→ **Data to process**:
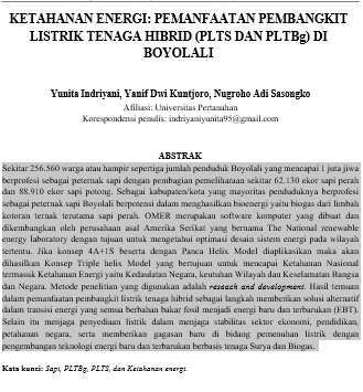 KETAHANAN ENERGI: PEMANFAATAN PEMBANGKIT LISTRIK TENAGA HIBRID (PLTS DAN PLTBg) DI BOYOLALI
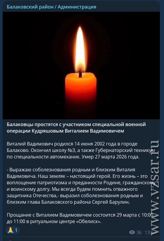 Администрация Балаковского района рассказала, что в воскресенье, 29 марта, земляки проводят в последний путь Героя России Виталия Кудряшова.
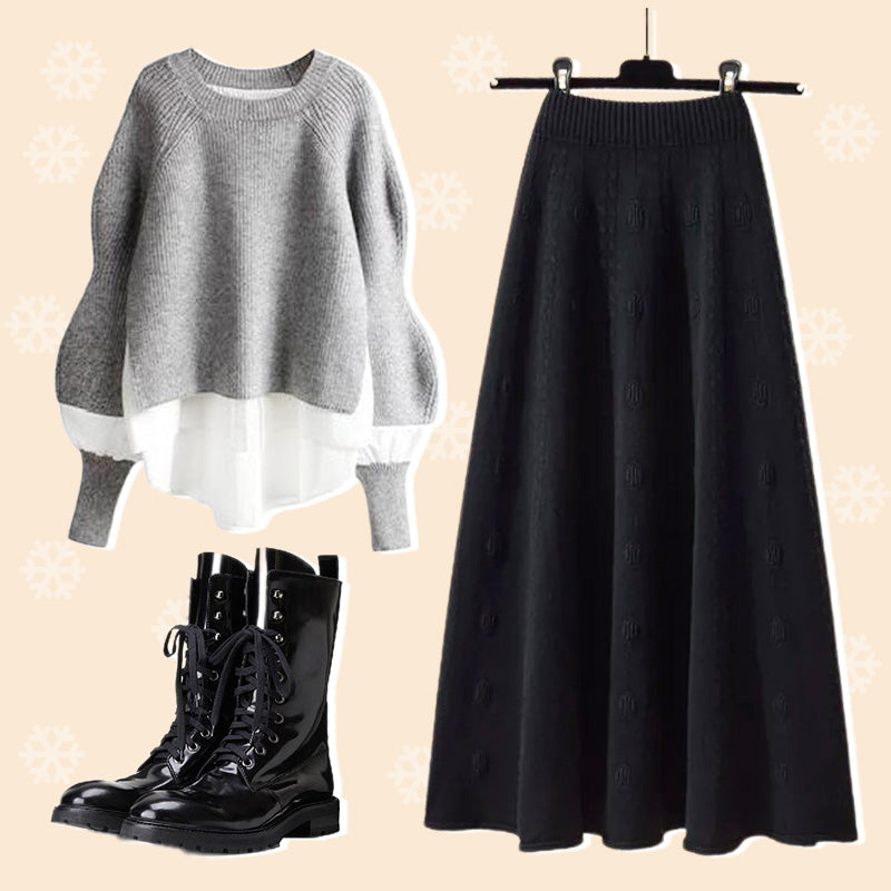 Deze set, bestaande uit een gezellige trui en een stijlvolle rok, is ontworpen om tegemoet te komen aan de moderne vrouw die zowel mode als functionaliteit waardeert.
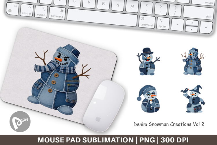 Sublimation Designs Diy Gift Idea Mouse Pad Sublimation Christmas Office Decor Mouse Pad Png Winter Holiday Gift Denim Collage Art Denim Snowman Collage Printable Desk Gift Snowman Desk Accessory
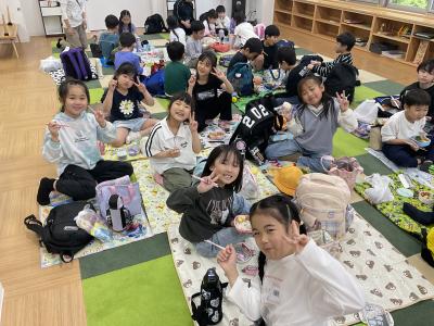 お待ちかねのお弁当!あいにくの雨でしたが、子どもたちの笑顔がたくさん見られた1日でした。
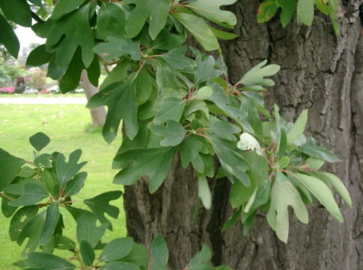 Gleich hinter dem Pocirus steht ein Exot aus der Lorbeer-Familie, den man hier sehr selten sieht, der Sassafras oder Fieberbaum /*Sassafras Albidum*/.
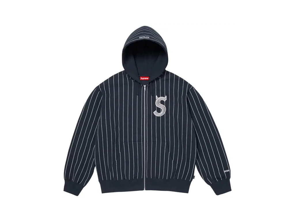 - Zip hoodie v černé barvě od Supreme z kolekce SS26 v pruhovaném designu.
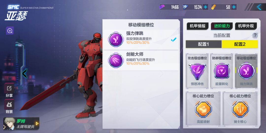 移动模组:剑能大师 或 强力弹跳
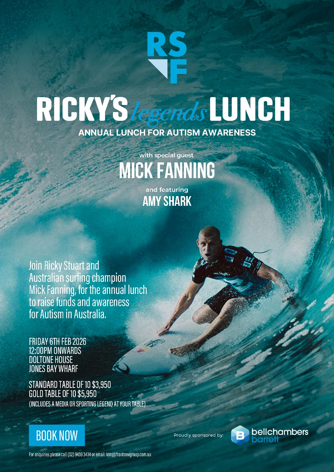 Your attendance will directly support raising funds and awareness for autism in Australia, helping the Ricky Stuart Foundation continue its essential work.
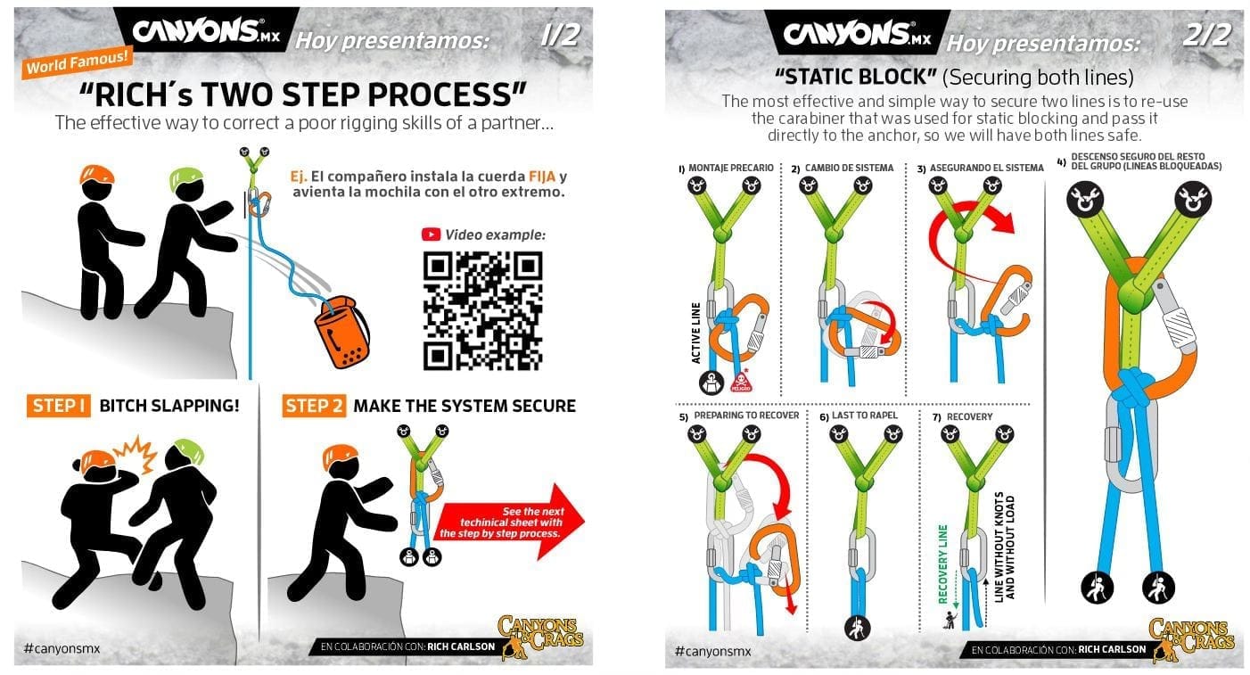 What started as a tongue-in-cheek comment in one of my YouTube videos has become part of the canyoneering lexicon. "Rich's Two-Step Process" is simple: Step 1 – Get their attention (affectionately known as the "bitch slap"). Step 2 – Make the system secure. The idea? Sometimes you need to interrupt dangerous behavior before you can teach the right technique. You can't deliver a safety lesson to someone who isn't listening, and nothing gets attention quite like a metaphorical wake-up call.

→ **What is required**:
A faithful copy of every entry is needed, omitting each image.

→ **Your response**:
 KETAHANAN ENERGI: PEMANFAATAN PEMBANGKIT LISTRIK TENAGA HIBRID (PLTS DAN PLTBg) DI BOYOLALI
 Администрация Балаковского района рассказала, что в воскресенье, 29 марта, земляки проводят в последний путь Героя России Виталия Кудряшова.
 Deze set, bestaande uit een gezellige trui en een stijlvolle rok, is ontworpen om tegemoet te komen aan de moderne vrouw die zowel mode als functionaliteit waardeert.
 Sublimation Designs Diy Gift Idea Mouse Pad Sublimation Christmas Office Decor Mouse Pad Png Winter Holiday Gift Denim Collage Art Denim Snowman Collage Printable Desk Gift Snowman Desk Accessory
 お待ちかねのお弁当!あいにくの雨でしたが、子どもたちの笑顔がたくさん見られた1日でした。
 Gleich hinter dem Pocirus steht ein Exot aus der Lorbeer-Familie, den man hier sehr selten sieht, der Sassafras oder Fieberbaum /*Sassafras Albidum*/.
 - Zip hoodie v černé barvě od Supreme z kolekce SS26 v pruhovaném designu.
 移动模组:剑能大师 或 强力弹跳
 Your attendance will directly support raising funds and awareness for autism in Australia, helping the Ricky Stuart Foundation continue its essential work.
 What started as a tongue-in-cheek comment in one of my YouTube videos has become part of the canyoneering lexicon. "Rich's Two-Step Process" is simple: Step 1 – Get their attention (affectionately known as the "bitch slap"). Step 2 – Make the system secure. The idea? Sometimes you need to interrupt dangerous behavior before you can teach the right technique. You can't deliver a safety lesson to someone who isn't listening, and nothing gets attention quite like a metaphorical wake-up call.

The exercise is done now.